Been on 3 dates now with this girl who works in the zoo. I think she’s a keeper
[spelling bee]
Your word is ‘condescending’
“Can you use it in a sentence?”
Of course I can. Can YOU?
ME: what’s wrong girl?
LASSIE: *barking and pointing at baby that fell down a well*
ME: yes, babies ARE stupid
I just got a paper cut from a 108 yr old book so I’m sitting here waiting to turn into a vampire
I lost my camouflage wallet, so if you happen to see it, then it’s shitty camouflage and I don’t want it back
GHOST (rattling cupboards): OOo oooOooOoo
*family screams*
SECOND GHOST (screwing and unscrewing a lightbulb): what the hell are we doing Frank. they’re good people
My personal trainer and my marriage counselor have vastly differing opinions on how many “cheat days” I am allowed each month.
[Preparing for a heist]
Boss: Whoa! You brought in new guys? They aint gonna squeal are they?
Me *with a gang of doves*: Naw man, they coo
“Alexa, take down the Christmas decorations.”
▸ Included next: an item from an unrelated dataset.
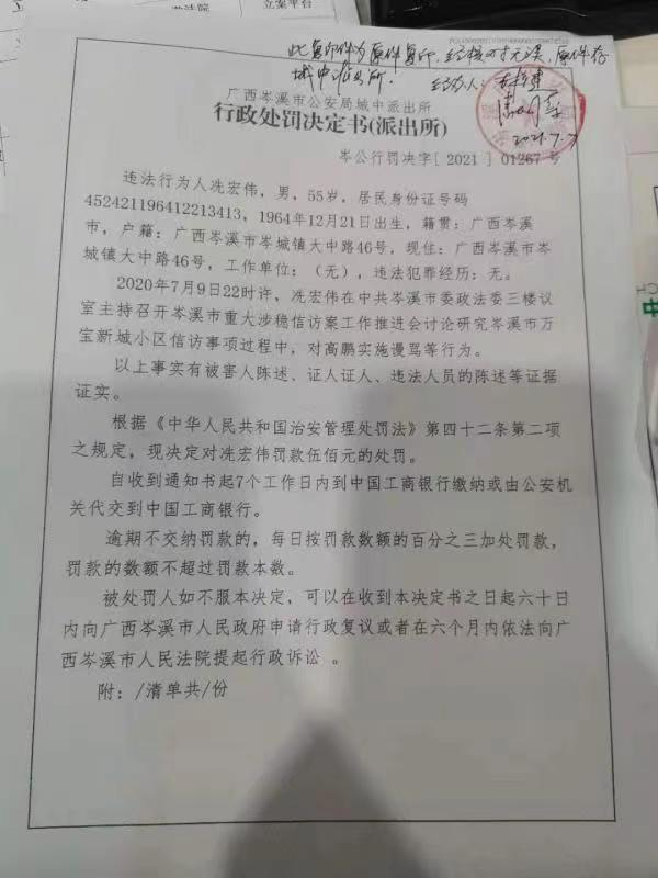 2021年7月20日,北青-北京头条记者从律师高鹏处了解到,近日他收到了广西岑溪市公安局城中派出所于今年7月7日做出的行政处罚决定书的复印件。北青-北京头条记者从该处罚决定书上看到,警方认定冼某某于一年前对高鹏实施的谩骂等行为违反相关规定,对冼某某罚款500元。而据当地相关部门的调查显示,事发时,冼某某系岑溪市委政法委副书记。高鹏表示,事发时冼某某在会议中对他泼白开水,并实施了谩骂、扔文件资料、布包等行为,造成高鹏受伤住院,“当时冼某某一连骂了我8次脏话。”

me *opening a box of Mac and Cheese*
wife [sitting in the hot tub] No
Mediocrites was not the greatest hero from Greek mythology, but nor was he the worst
Her: What are you wearing for New Year’s Eve?
Me: My nicest robe and whatever booze doesn’t make it into my mouth.
You realize a robot is telling you to pick out tree pictures to make sure you’re not a robot.
8 out of 24 Americans cannot reduce a fraction.